Data extracted from a collection:
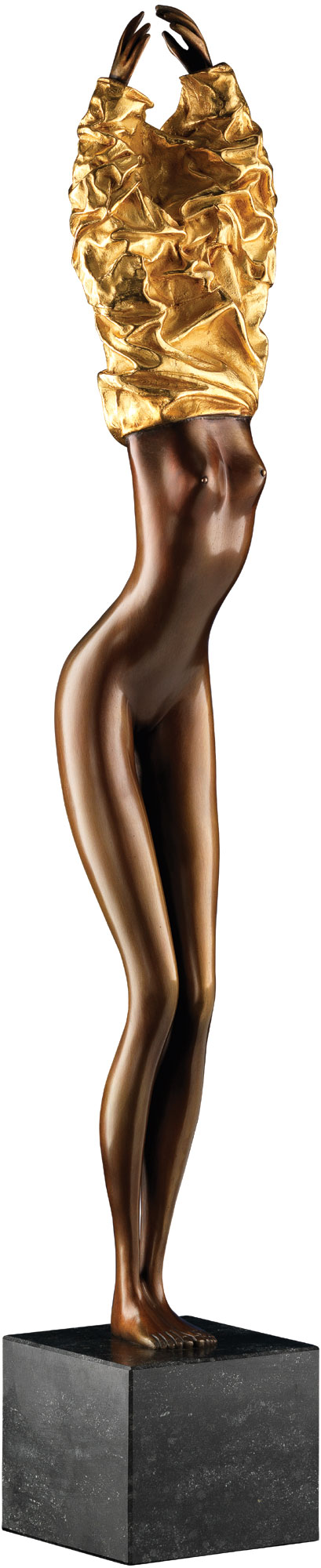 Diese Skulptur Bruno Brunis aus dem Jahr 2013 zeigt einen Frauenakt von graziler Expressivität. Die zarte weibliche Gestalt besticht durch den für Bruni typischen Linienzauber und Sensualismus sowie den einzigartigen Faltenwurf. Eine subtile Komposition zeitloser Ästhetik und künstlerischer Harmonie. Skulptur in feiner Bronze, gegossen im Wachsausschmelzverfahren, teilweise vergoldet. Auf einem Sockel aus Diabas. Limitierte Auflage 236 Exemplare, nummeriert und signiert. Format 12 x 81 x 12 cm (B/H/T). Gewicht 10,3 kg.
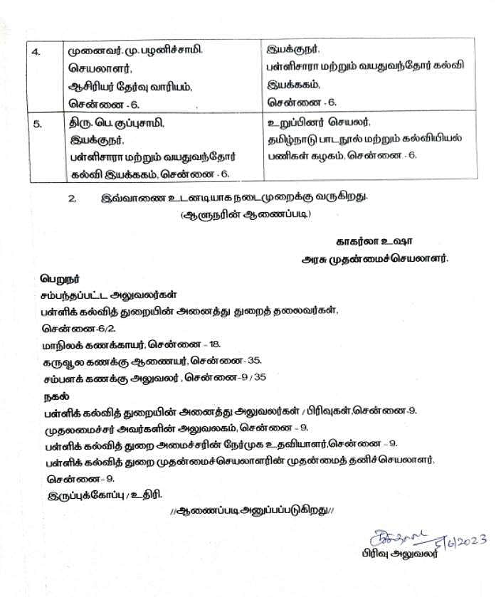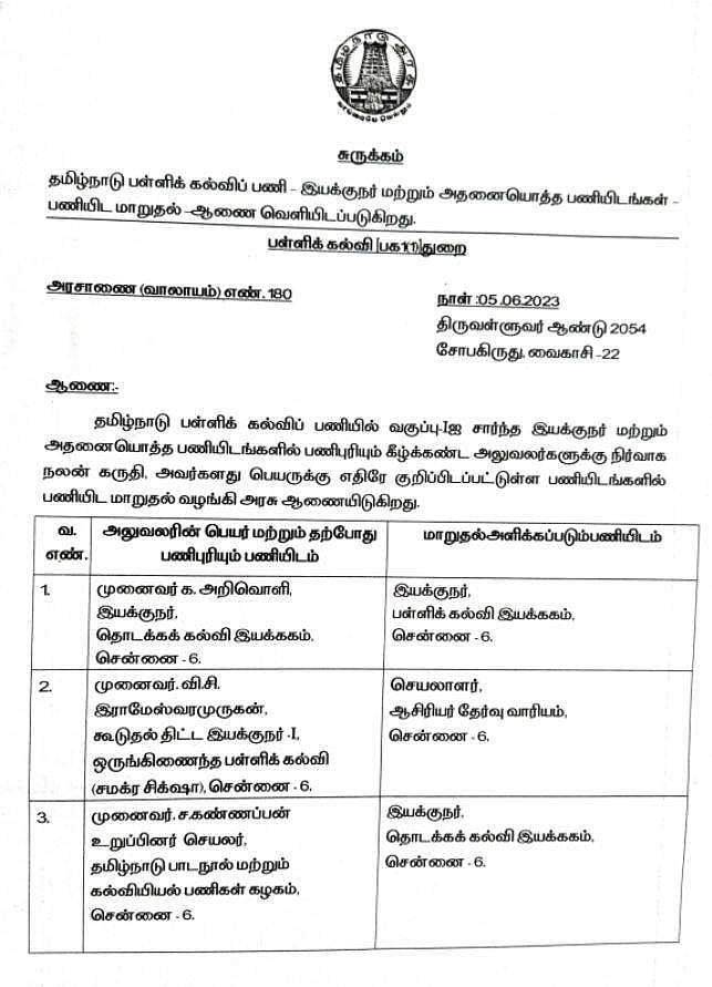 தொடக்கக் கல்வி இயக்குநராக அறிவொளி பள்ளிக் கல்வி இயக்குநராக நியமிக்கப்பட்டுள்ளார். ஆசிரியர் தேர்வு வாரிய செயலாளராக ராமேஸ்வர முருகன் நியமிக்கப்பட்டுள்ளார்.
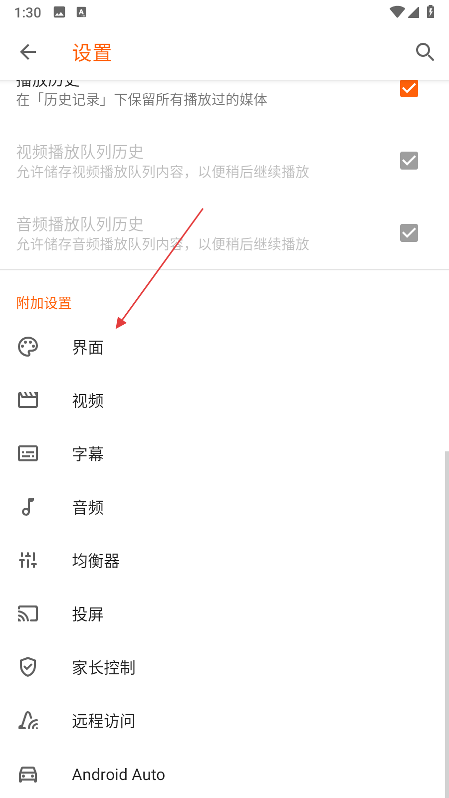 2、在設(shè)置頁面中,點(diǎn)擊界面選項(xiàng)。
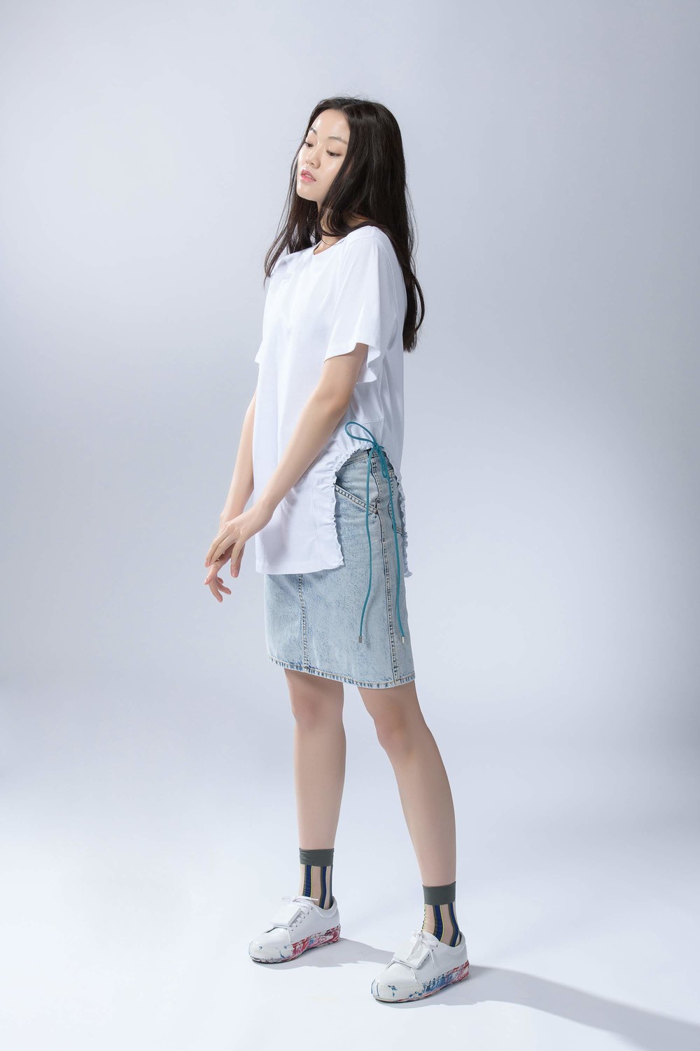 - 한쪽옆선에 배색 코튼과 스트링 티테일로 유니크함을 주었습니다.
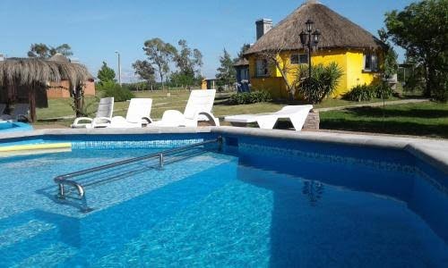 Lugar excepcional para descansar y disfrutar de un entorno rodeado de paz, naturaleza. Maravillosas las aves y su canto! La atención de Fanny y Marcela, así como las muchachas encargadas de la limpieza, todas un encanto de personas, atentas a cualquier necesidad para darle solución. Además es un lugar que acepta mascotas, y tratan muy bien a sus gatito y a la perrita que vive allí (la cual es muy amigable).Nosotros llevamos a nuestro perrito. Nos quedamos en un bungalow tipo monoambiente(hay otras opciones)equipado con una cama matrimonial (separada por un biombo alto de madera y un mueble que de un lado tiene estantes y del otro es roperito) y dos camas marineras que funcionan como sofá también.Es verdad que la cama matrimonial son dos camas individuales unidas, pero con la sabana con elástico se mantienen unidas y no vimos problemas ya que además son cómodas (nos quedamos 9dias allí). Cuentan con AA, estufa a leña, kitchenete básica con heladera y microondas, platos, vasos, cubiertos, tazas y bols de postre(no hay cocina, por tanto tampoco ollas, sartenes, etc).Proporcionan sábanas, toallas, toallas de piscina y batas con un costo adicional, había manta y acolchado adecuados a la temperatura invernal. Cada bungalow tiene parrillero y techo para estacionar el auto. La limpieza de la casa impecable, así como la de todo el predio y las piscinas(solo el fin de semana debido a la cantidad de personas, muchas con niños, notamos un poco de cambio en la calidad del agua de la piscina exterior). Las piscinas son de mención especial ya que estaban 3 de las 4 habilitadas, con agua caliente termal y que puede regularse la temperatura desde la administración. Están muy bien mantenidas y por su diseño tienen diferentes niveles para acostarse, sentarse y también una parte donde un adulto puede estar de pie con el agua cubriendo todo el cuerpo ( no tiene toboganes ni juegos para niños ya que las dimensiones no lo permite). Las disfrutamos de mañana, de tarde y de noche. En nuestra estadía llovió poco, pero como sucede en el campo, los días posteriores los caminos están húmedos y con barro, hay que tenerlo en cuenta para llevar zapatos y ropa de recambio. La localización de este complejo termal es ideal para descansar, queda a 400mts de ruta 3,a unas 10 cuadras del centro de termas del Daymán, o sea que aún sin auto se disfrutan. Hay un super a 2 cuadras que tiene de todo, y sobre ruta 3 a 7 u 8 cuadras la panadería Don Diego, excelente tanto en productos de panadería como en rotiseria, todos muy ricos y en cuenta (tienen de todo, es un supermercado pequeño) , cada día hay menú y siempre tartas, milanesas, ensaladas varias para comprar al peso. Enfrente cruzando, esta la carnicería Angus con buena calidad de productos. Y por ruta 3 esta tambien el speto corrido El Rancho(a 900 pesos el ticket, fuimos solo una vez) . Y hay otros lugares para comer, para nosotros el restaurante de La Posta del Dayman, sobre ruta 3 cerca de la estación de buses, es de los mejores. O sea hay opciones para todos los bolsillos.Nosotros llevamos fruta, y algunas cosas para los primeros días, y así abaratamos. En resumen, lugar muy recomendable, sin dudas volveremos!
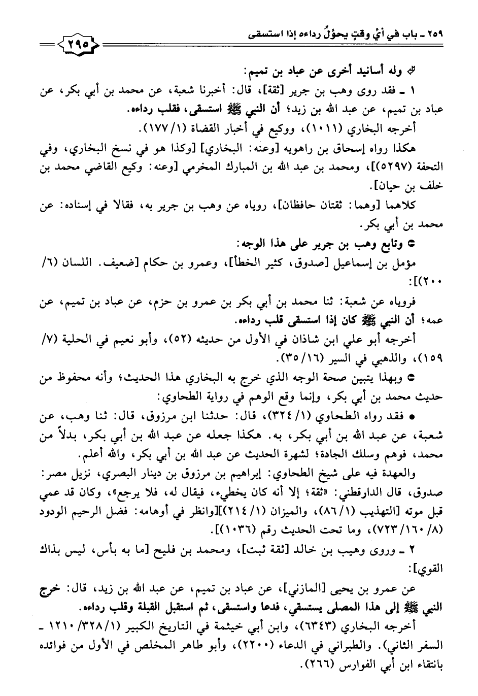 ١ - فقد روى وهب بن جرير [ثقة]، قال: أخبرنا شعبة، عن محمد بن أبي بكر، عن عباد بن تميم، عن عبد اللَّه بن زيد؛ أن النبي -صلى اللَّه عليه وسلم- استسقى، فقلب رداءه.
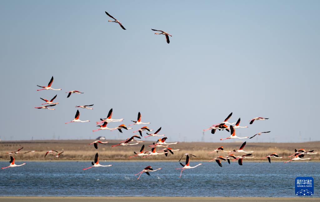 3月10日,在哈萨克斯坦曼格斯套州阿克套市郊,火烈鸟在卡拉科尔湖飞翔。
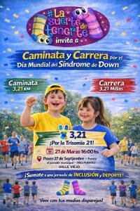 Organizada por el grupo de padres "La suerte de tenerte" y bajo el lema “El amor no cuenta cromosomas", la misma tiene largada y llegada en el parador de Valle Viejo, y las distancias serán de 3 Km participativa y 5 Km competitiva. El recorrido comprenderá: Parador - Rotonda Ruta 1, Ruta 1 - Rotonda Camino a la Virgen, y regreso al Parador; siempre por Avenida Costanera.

◆ Directions for this task ◆
From the first line to the last, restate the entries exactly, without pictures.

◆ Solution ◆
 Diese Skulptur Bruno Brunis aus dem Jahr 2013 zeigt einen Frauenakt von graziler Expressivität. Die zarte weibliche Gestalt besticht durch den für Bruni typischen Linienzauber und Sensualismus sowie den einzigartigen Faltenwurf. Eine subtile Komposition zeitloser Ästhetik und künstlerischer Harmonie. Skulptur in feiner Bronze, gegossen im Wachsausschmelzverfahren, teilweise vergoldet. Auf einem Sockel aus Diabas. Limitierte Auflage 236 Exemplare, nummeriert und signiert. Format 12 x 81 x 12 cm (B/H/T). Gewicht 10,3 kg.
 தொடக்கக் கல்வி இயக்குநராக அறிவொளி பள்ளிக் கல்வி இயக்குநராக நியமிக்கப்பட்டுள்ளார். ஆசிரியர் தேர்வு வாரிய செயலாளராக ராமேஸ்வர முருகன் நியமிக்கப்பட்டுள்ளார்.
 2、在設(shè)置頁面中,點(diǎn)擊界面選項(xiàng)。
 - 한쪽옆선에 배색 코튼과 스트링 티테일로 유니크함을 주었습니다.
 Lugar excepcional para descansar y disfrutar de un entorno rodeado de paz, naturaleza. Maravillosas las aves y su canto! La atención de Fanny y Marcela, así como las muchachas encargadas de la limpieza, todas un encanto de personas, atentas a cualquier necesidad para darle solución. Además es un lugar que acepta mascotas, y tratan muy bien a sus gatito y a la perrita que vive allí (la cual es muy amigable).Nosotros llevamos a nuestro perrito. Nos quedamos en un bungalow tipo monoambiente(hay otras opciones)equipado con una cama matrimonial (separada por un biombo alto de madera y un mueble que de un lado tiene estantes y del otro es roperito) y dos camas marineras que funcionan como sofá también.Es verdad que la cama matrimonial son dos camas individuales unidas, pero con la sabana con elástico se mantienen unidas y no vimos problemas ya que además son cómodas (nos quedamos 9dias allí). Cuentan con AA, estufa a leña, kitchenete básica con heladera y microondas, platos, vasos, cubiertos, tazas y bols de postre(no hay cocina, por tanto tampoco ollas, sartenes, etc).Proporcionan sábanas, toallas, toallas de piscina y batas con un costo adicional, había manta y acolchado adecuados a la temperatura invernal. Cada bungalow tiene parrillero y techo para estacionar el auto. La limpieza de la casa impecable, así como la de todo el predio y las piscinas(solo el fin de semana debido a la cantidad de personas, muchas con niños, notamos un poco de cambio en la calidad del agua de la piscina exterior). Las piscinas son de mención especial ya que estaban 3 de las 4 habilitadas, con agua caliente termal y que puede regularse la temperatura desde la administración. Están muy bien mantenidas y por su diseño tienen diferentes niveles para acostarse, sentarse y también una parte donde un adulto puede estar de pie con el agua cubriendo todo el cuerpo ( no tiene toboganes ni juegos para niños ya que las dimensiones no lo permite). Las disfrutamos de mañana, de tarde y de noche. En nuestra estadía llovió poco, pero como sucede en el campo, los días posteriores los caminos están húmedos y con barro, hay que tenerlo en cuenta para llevar zapatos y ropa de recambio. La localización de este complejo termal es ideal para descansar, queda a 400mts de ruta 3,a unas 10 cuadras del centro de termas del Daymán, o sea que aún sin auto se disfrutan. Hay un super a 2 cuadras que tiene de todo, y sobre ruta 3 a 7 u 8 cuadras la panadería Don Diego, excelente tanto en productos de panadería como en rotiseria, todos muy ricos y en cuenta (tienen de todo, es un supermercado pequeño) , cada día hay menú y siempre tartas, milanesas, ensaladas varias para comprar al peso. Enfrente cruzando, esta la carnicería Angus con buena calidad de productos. Y por ruta 3 esta tambien el speto corrido El Rancho(a 900 pesos el ticket, fuimos solo una vez) . Y hay otros lugares para comer, para nosotros el restaurante de La Posta del Dayman, sobre ruta 3 cerca de la estación de buses, es de los mejores. O sea hay opciones para todos los bolsillos.Nosotros llevamos fruta, y algunas cosas para los primeros días, y así abaratamos. En resumen, lugar muy recomendable, sin dudas volveremos!
 ١ - فقد روى وهب بن جرير [ثقة]، قال: أخبرنا شعبة، عن محمد بن أبي بكر، عن عباد بن تميم، عن عبد اللَّه بن زيد؛ أن النبي -صلى اللَّه عليه وسلم- استسقى، فقلب رداءه.
 3月10日,在哈萨克斯坦曼格斯套州阿克套市郊,火烈鸟在卡拉科尔湖飞翔。
 Organizada por el grupo de padres "La suerte de tenerte" y bajo el lema “El amor no cuenta cromosomas", la misma tiene largada y llegada en el parador de Valle Viejo, y las distancias serán de 3 Km participativa y 5 Km competitiva. El recorrido comprenderá: Parador - Rotonda Ruta 1, Ruta 1 - Rotonda Camino a la Virgen, y regreso al Parador; siempre por Avenida Costanera.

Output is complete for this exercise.